Researchers looked for typical signs of Alzheimer’s disease (brain plaques and tangles) as well as other brain changes that can cause dementia, such as infarcts (the brain changes associated with stroke) and Lewy bodies (clusters of protein in nerve cells associated with Lewy body or Parkinson’s disease). They noted whether people had just one pathology or more than one. They also looked at small and large blood vessel disease.

Almost all participants in the study had Alzheimer’s disease in their brain. Only about half of the white patients had pure Alzheimer’s disease pathology (with no additional pathologies contributing to dementia), and the rest of them had Alzheimer’s disease pathology with either infarcts or Lewy bodies.

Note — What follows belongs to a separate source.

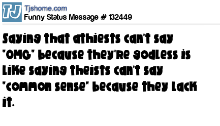 X Saying that athiests can't say "OMG" because they're godless is like saying theists can't say "common sense" because they lack it.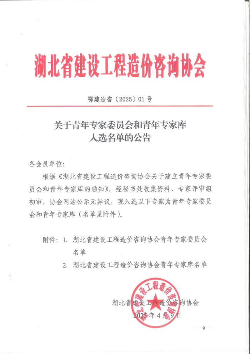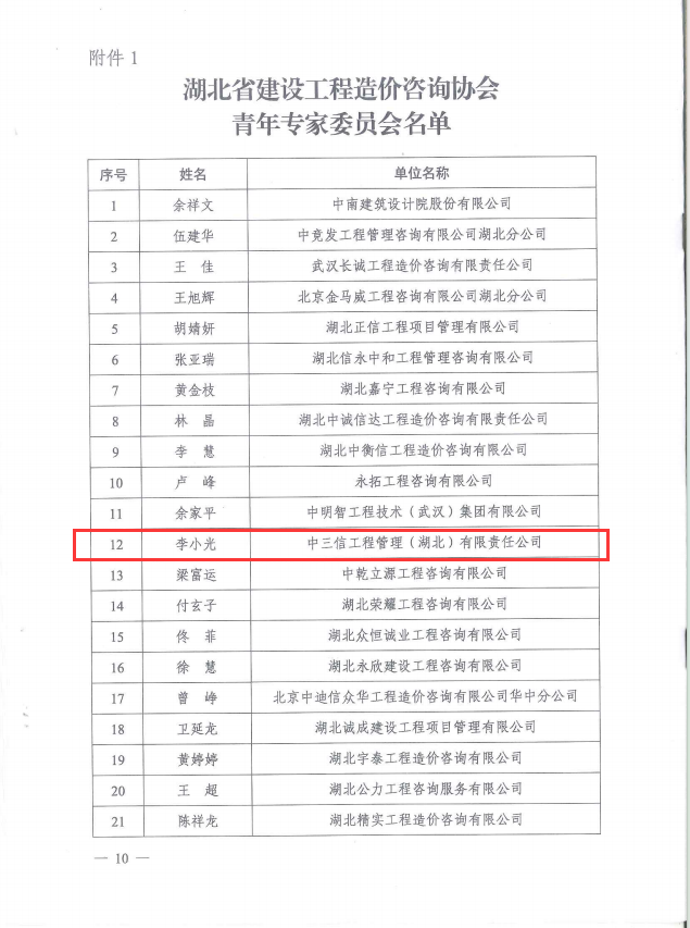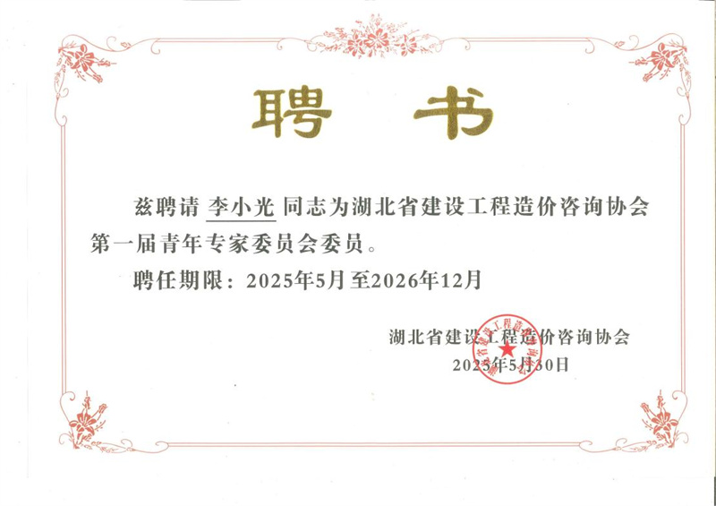 2025年5月30日,湖北省建設(shè)工程造價(jià)咨詢協(xié)會青年專家委員會成立大會暨第一次工作會議在武漢隆重召開。我司副總工程師、一級注冊造價(jià)師李小光受聘擔(dān)任協(xié)會第一屆青年專家委員會委員,這是協(xié)會對我司專業(yè)能力的認(rèn)可與肯定。

In contrast, less than 25 percent of the black patients had pure Alzheimer’s disease pathology. On the other hand, almost three-quarters (71 percent) of them had Alzheimer’s disease pathology mixed with another type of pathology, compared to 51 percent of the white patients. Clinical Alzheimer’s disease in African-Americans was much more likely to involve pathologies other than Alzheimer’s disease pathology. They also had more frequent and severe blood vessel disease.

The study was supported by the National Institutes of Health and the Illinois Department of Public Health.